The official American position is almost at odds with what the Chinese side said. In a statement, the White House did not list any new commitments to either side, saying only that progress had been made and that "there was still a lot of work to do." The US administration also reiterated its threat of raising duties on Chinese goods on March 1, unless a “satisfactory result” was obtained.

After the talks, Trump held a briefing in the Oval Office of the White House. The president of the United States said that the teams had made "tremendous progress," but that "does not mean that we made a deal." Trump told about the details: China agreed to buy a large amount of American soybeans, which is "a sign of good faith." According to him, American farmers "will be just happy."

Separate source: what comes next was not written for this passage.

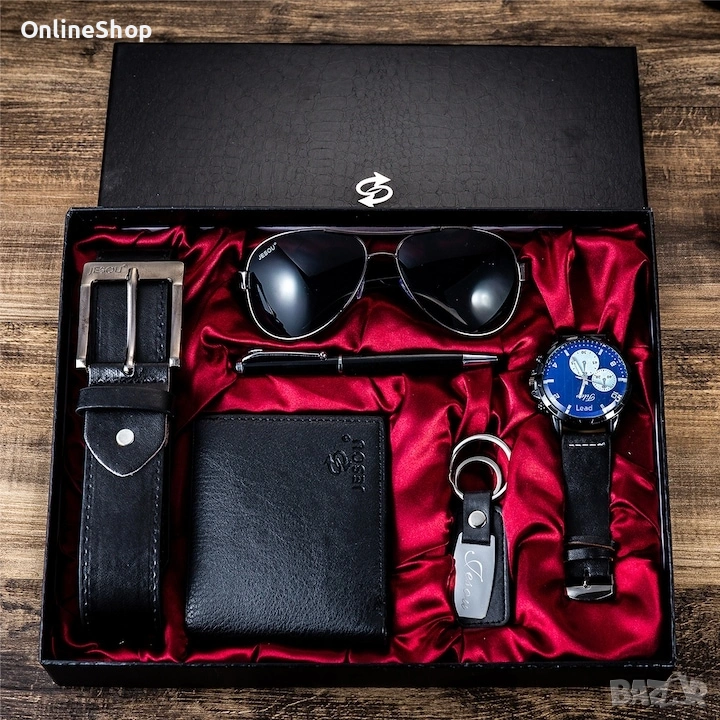 Мъжки подаръчен комплект от 6 части в кутия: портмоне, часовник, колан, очила, химикал, ключодържател.
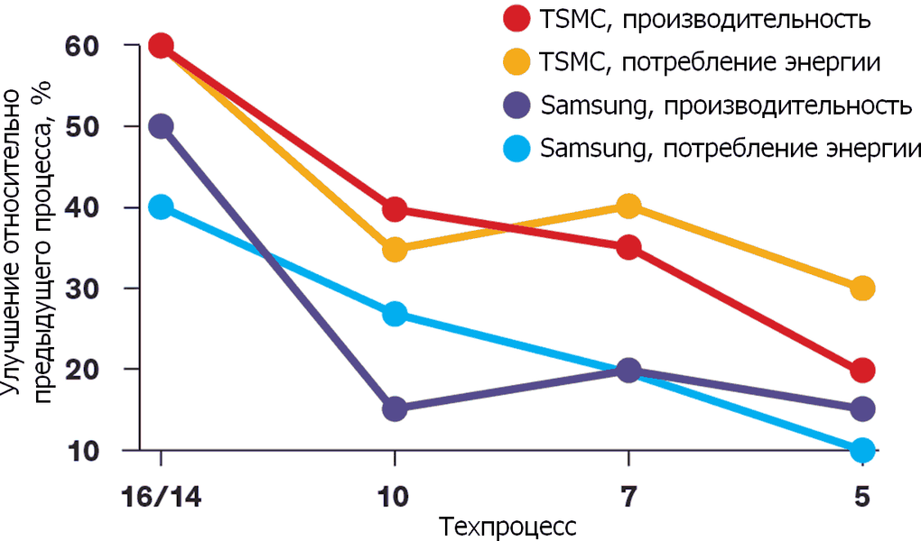 Другая проблема, возникающая в этой связи — стоимость каждого транзистора. Все предыдущие 60 лет развития микроэлектроники основывались на уверенности в том, что даже несмотря на постоянное увеличение цены заводов и разработки техпроцессов и чипов цена самих чипов в пересчете на транзистор будет все время уменьшаться. Так и происходило — примерно до 32 нм, после которых наступил раскол: микросхемы памяти продолжили дешеветь на единицу объема (особенно это коснулось флэш-памяти, которая массово перешла на объемное хранение данных на десятках уровней — технология 3D-NAND), а вот логика сильно затормозилась. Да, последние версии техпроцессов 14 нм предлагают транзисторы все же чуть дешевле, чем у 22 нм — но именно что «чуть», и это после стольких лет возни. Да и производительность при том же потреблении энергии хоть и растет, но всё медленнее…

Negotiations were conducted around three key themes: trade, structural issues and enforcement. In general, the Chinese trade representative presented a whole package of concessions, which, however, are modest, sources said. In the package - the expansion of purchases from the United States of agricultural and energy products and promises to attract more US capital in the manufacturing sector and financial services sector.

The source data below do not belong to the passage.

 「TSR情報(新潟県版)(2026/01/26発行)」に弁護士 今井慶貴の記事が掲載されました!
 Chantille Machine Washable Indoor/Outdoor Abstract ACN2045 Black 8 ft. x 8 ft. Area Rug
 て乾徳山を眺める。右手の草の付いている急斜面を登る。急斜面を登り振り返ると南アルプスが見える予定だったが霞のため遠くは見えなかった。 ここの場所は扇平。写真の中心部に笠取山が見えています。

In short, the Chinese knew how to bribe American negotiators. However, as the newspaper notes, this Chinese proposal does not correspond to what they want in Washington. It is for this reason that Trump intends to continue negotiations. And increase the pressure on Beijing.

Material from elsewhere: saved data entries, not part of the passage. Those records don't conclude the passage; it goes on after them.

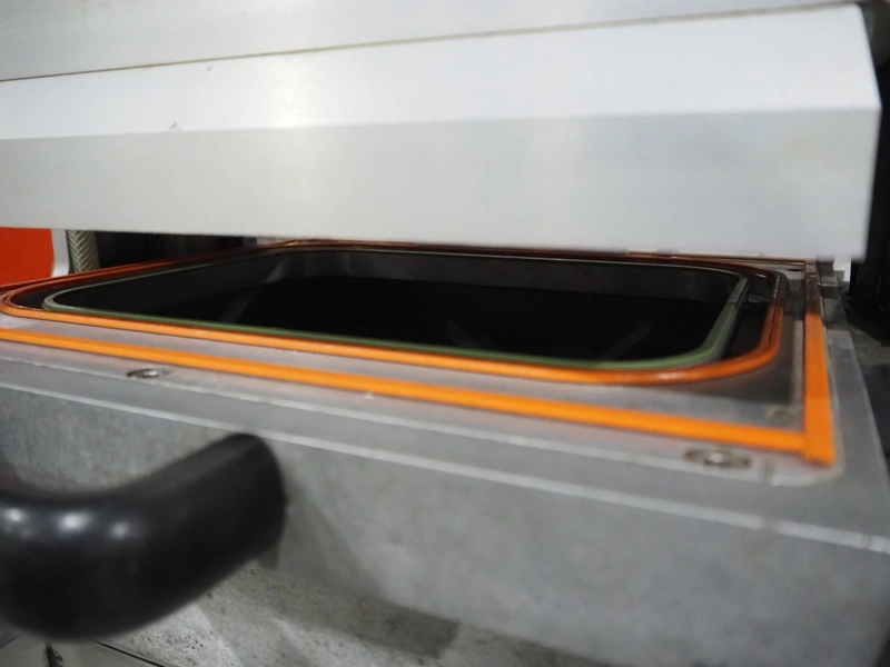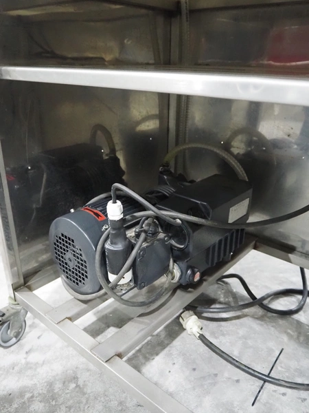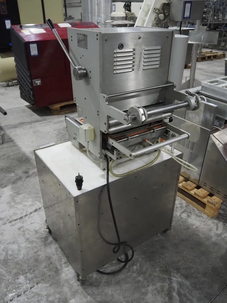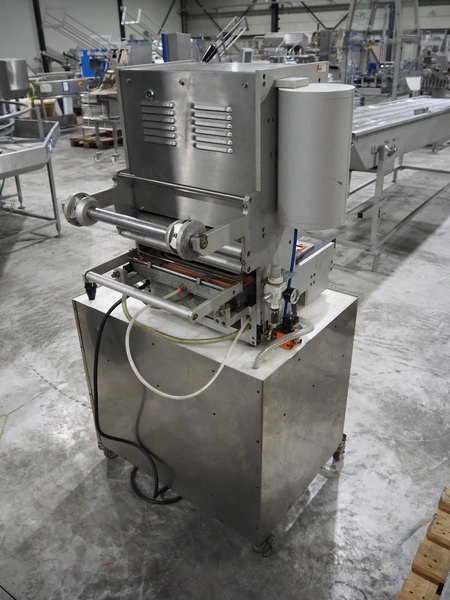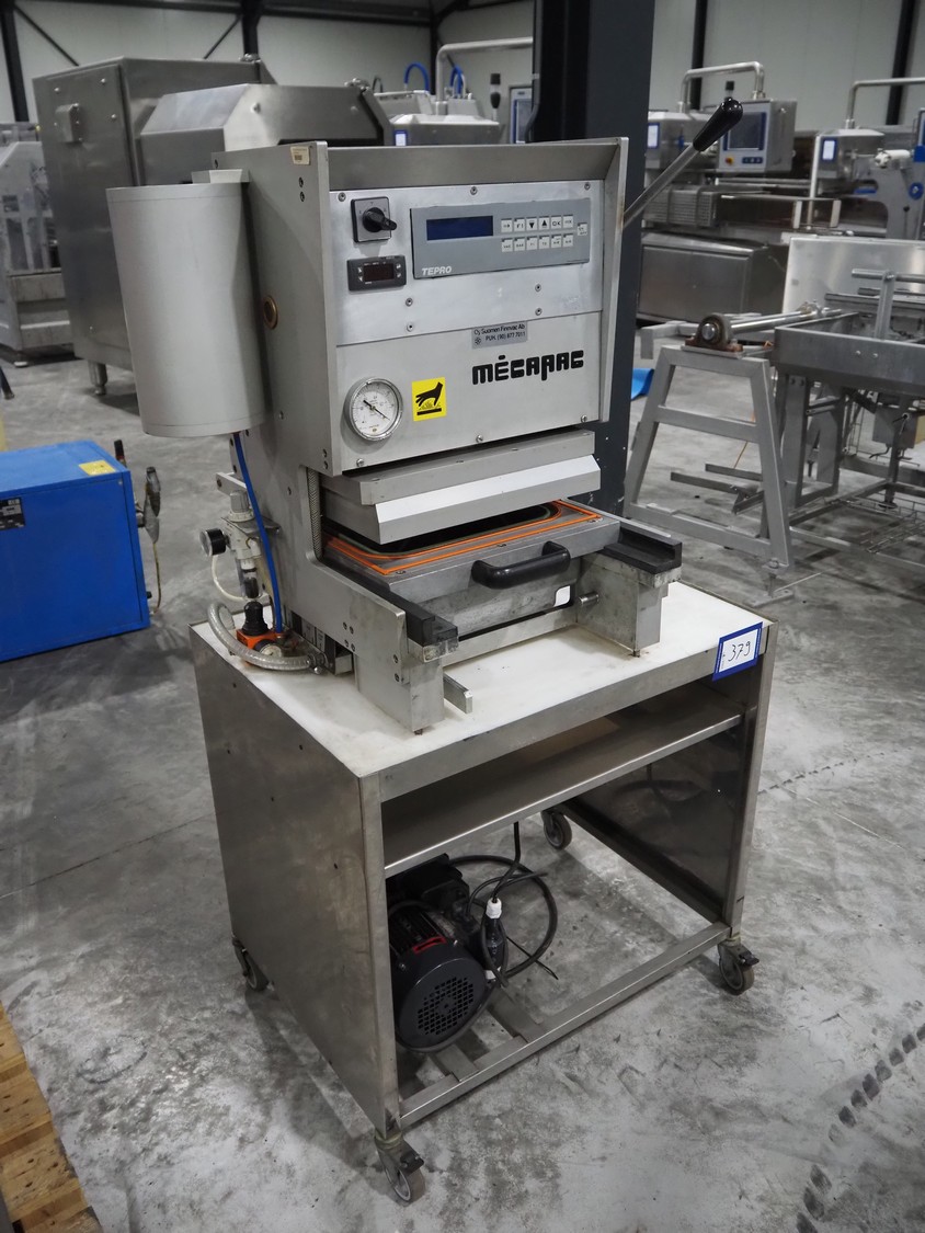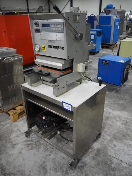 Mecapac mobile traysealer, dye: 290 mm x 220 mm, with Busch vacuum pump, total dimensions: 750 mm x 750 mm x 1430 mm.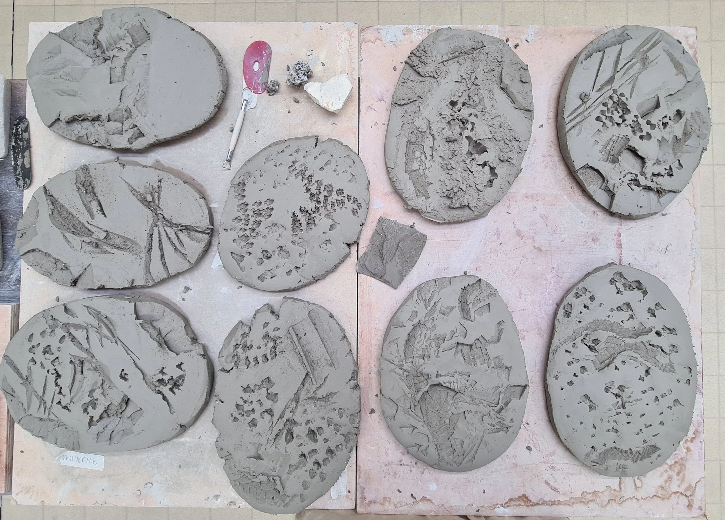 Texture tiles all labelled and drying- with the application of terracotta and black slip and added elements. Mainly grog- but I applied granular feldspar into a slip too and sprinkled molocrite over the top of the slip.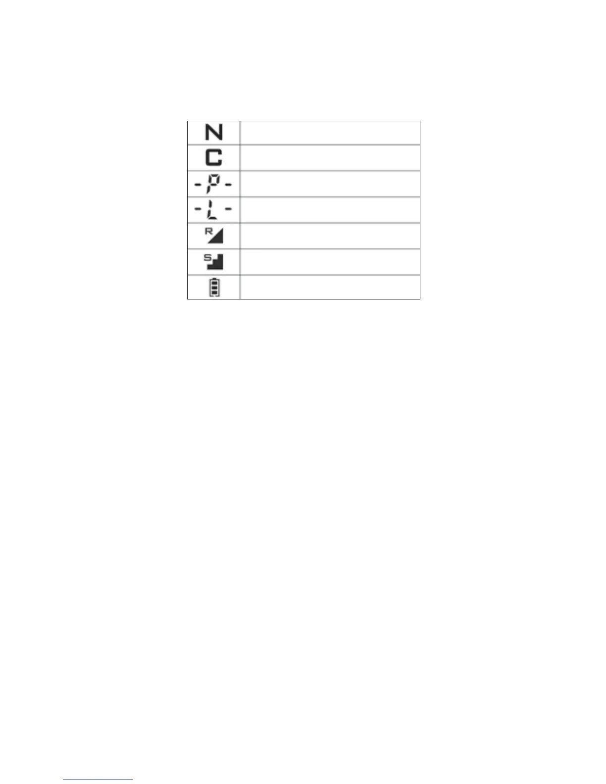 The icons on the LCD screen on the transmitter are listed below.

Let's not forget that the goal of the United States is not to create more fair trade conditions with China for Washington, but to undermine the economic potential of the Middle Kingdom, to slow down its economic development. Lightheiser transparently hinted that he was not able to really talk about "fighting Chinese protectionism" and "removing pressure" on American companies in China in order to transfer technology to Chinese partners.

That is why Washington’s “thirst” is not satisfied - it has little to increase purchases and reduce the trade deficit, he wants to keep under control the subsidies that Chinese companies receive from their government. And this, to put it mildly, is not at all an American affair, and this position is firmly in Beijing.

What's next?

Washington really needs to take serious measures to reduce its trade deficit with China. According to the US Department of Commerce, which Bloomberg leads, in 2017, the US exported Chinese goods worth $ 523.7 billion, and only sold $ 188 billion to China, that is, the difference reached $ 335.7 billion. In 2012, it amounted to 295 billion dollars.

Trump also raised the question of the possibility of a personal meeting with Xi Jinping after receiving an official invitation from the Chinese leader. Earlier, he wrote on Twitter that “the final deal will not be concluded until my friend President Xi and I meet in the near future.” Such an opportunity may be presented at the end of February, after the planned meeting of the US President with the North Korean leader Kim Jong-un.

According to Trump's advisors, at the proposed meeting with Xi Jinping, the head of the White House will be under heavy pressure, the purpose of which will be to prevent an increase in duties.

The deal must also be made, because if the parties meet in China, the failure will be perceived as "a slap in the face of the Chinese leader, whom Trump constantly calls his friend."

Trump is already under heavy pressure within the United States, as the US economy is slowing down due to a trade war.

In the bottom line on the results of the talks on January 30 and 31 in the US, we still see that China has made concessions to Trump. This gives him reason to talk now about a quick "good deal", than he calms his opponents inside the country. But it is obvious that all the results will be visible in February, when Washington will put a lot of pressure on Beijing. Moreover, the American trade representative Lighthizer adheres to a policy of increasing pressure, and Trump wants the deal to be concluded by this official.

Only the question of how far China will go in its concessions remains open. The main problem will be the question of Chinese economic sovereignty, since Washington intends to achieve "strangulation" of China’s business by the hands of the Celestial Government itself. And this is exactly the concession that Beijing has not made now.